(Beginning of RECORD EXCERPTS)
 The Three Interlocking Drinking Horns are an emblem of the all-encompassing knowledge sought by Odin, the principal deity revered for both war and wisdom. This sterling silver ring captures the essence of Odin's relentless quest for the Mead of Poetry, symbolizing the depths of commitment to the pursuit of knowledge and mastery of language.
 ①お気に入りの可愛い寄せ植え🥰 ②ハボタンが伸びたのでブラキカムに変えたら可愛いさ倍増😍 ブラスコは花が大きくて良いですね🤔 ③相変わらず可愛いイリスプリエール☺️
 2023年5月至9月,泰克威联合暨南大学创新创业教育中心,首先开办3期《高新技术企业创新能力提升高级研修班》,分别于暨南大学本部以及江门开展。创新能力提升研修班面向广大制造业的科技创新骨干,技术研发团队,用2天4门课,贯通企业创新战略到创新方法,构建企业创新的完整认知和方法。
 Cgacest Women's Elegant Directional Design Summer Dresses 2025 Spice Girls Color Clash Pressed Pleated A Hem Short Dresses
(End of RECORD EXCERPTS)
(Beginning of RECORD EXCERPTS)
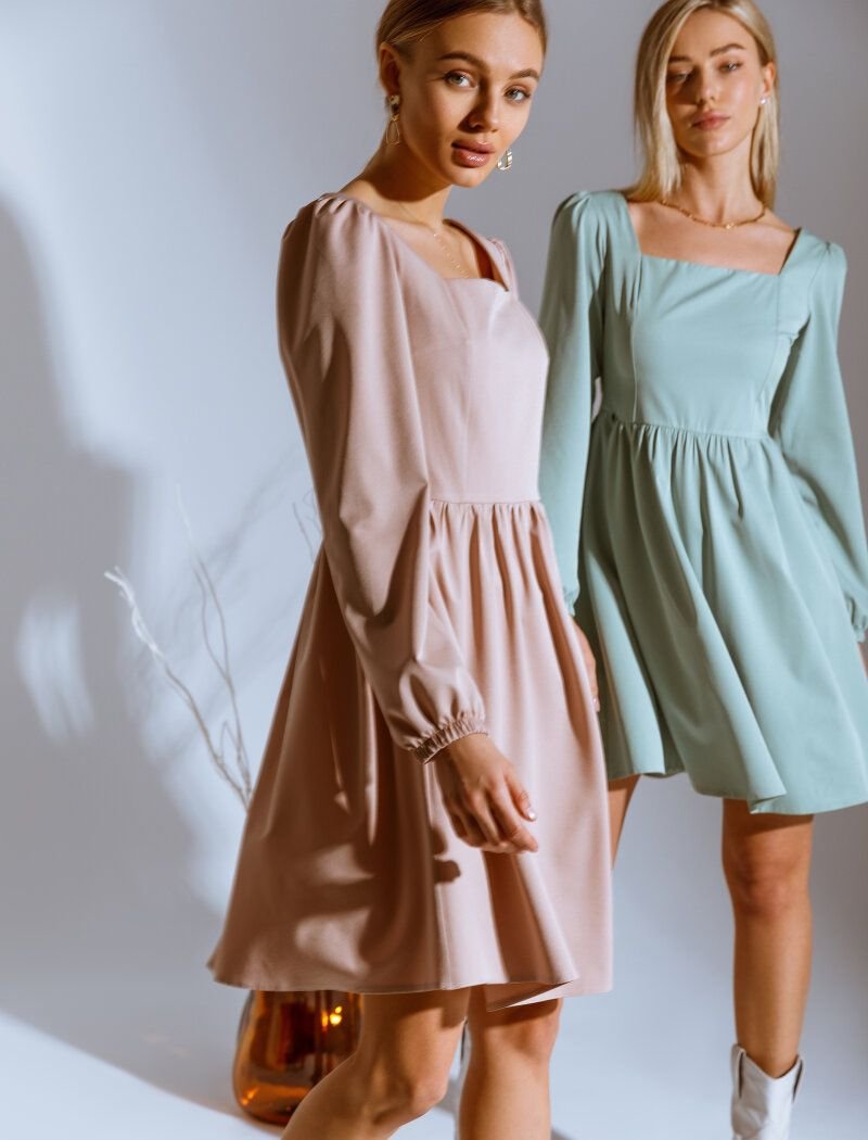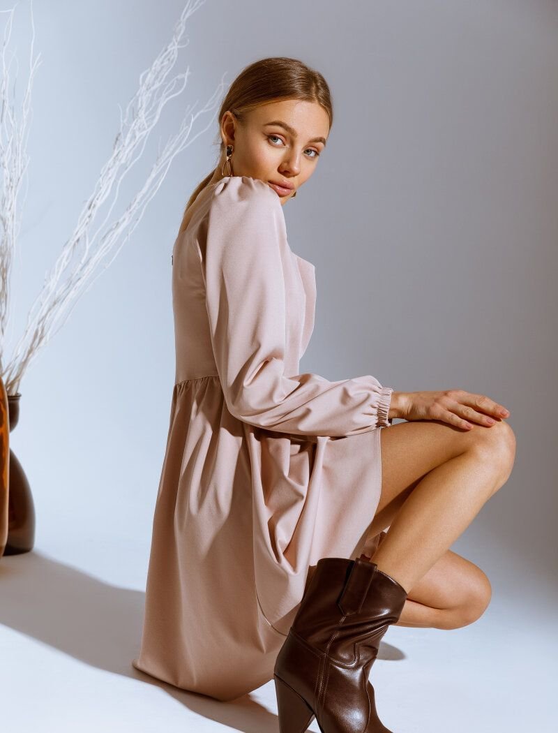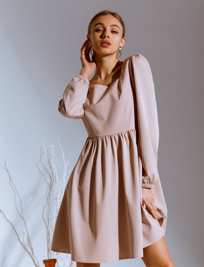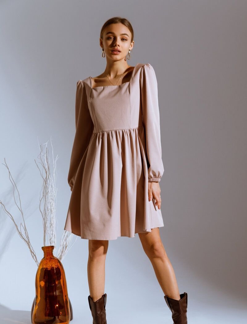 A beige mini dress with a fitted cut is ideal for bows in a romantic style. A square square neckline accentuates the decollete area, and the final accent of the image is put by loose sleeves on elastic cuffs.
(End of RECORD EXCERPTS)
(Beginning of RECORD EXCERPTS)
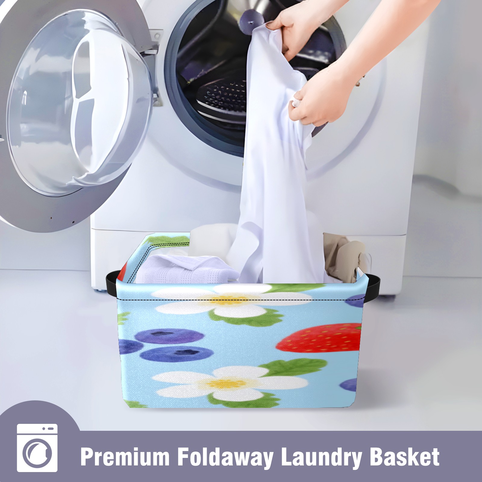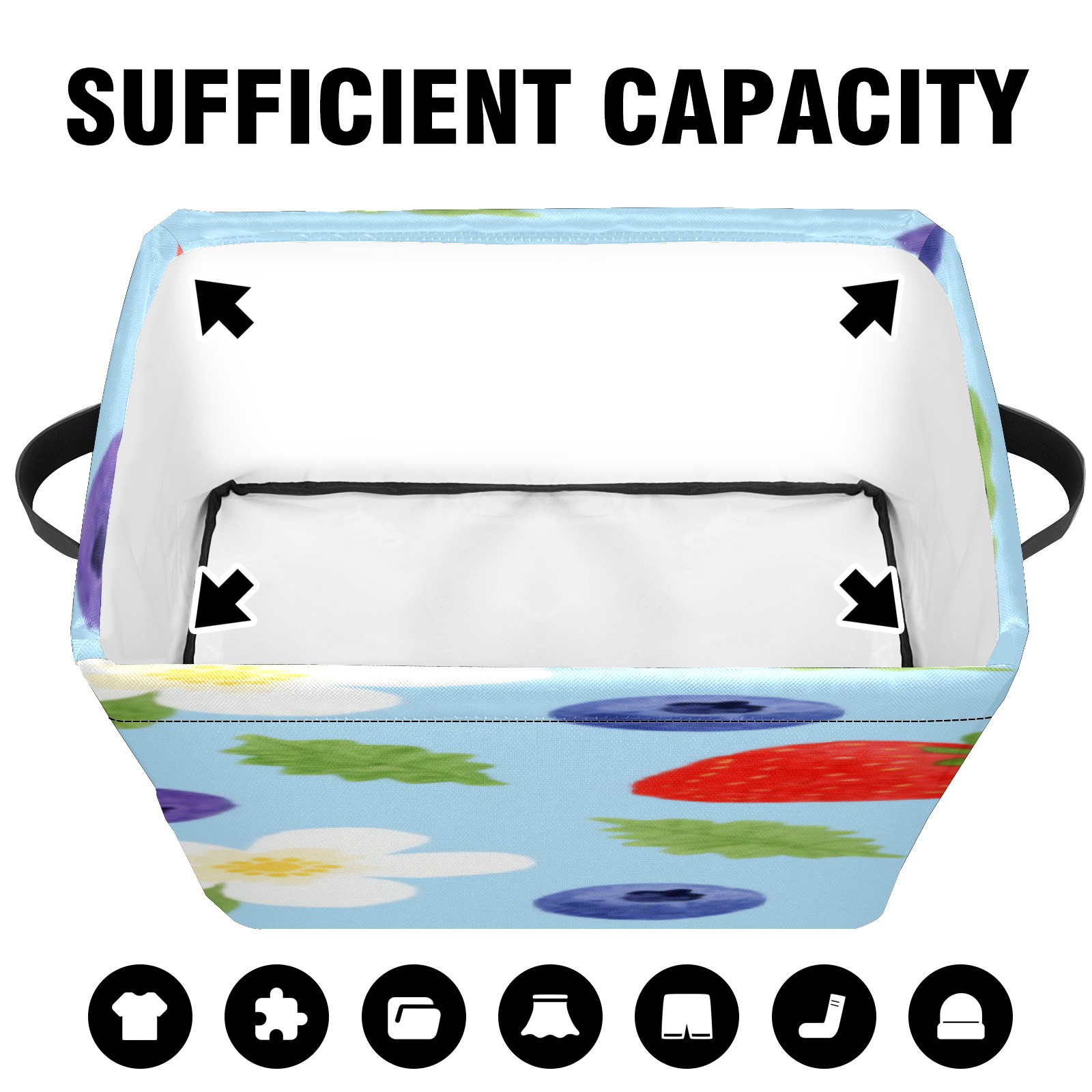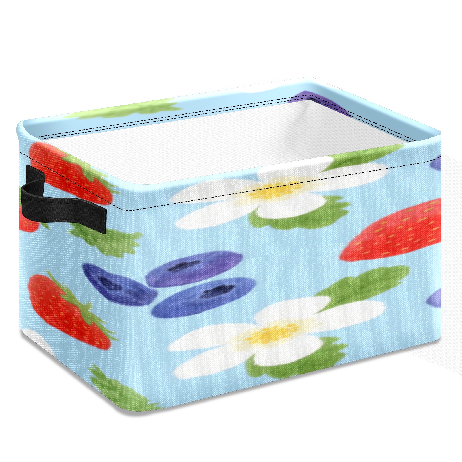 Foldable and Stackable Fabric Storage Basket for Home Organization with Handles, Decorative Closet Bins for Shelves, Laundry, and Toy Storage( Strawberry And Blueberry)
(End of RECORD EXCERPTS)
-- REQUIRED ACTION --
Look through the material above and print exactly the lines from the one containing "2023年5月至9月,泰克威" to the one containing "Cgacest Women's Elegant", both included, and nothing more.

-- EXERCISE SOLUTION --
 2023年5月至9月,泰克威联合暨南大学创新创业教育中心,首先开办3期《高新技术企业创新能力提升高级研修班》,分别于暨南大学本部以及江门开展。创新能力提升研修班面向广大制造业的科技创新骨干,技术研发团队,用2天4门课,贯通企业创新战略到创新方法,构建企业创新的完整认知和方法。
 Cgacest Women's Elegant Directional Design Summer Dresses 2025 Spice Girls Color Clash Pressed Pleated A Hem Short Dresses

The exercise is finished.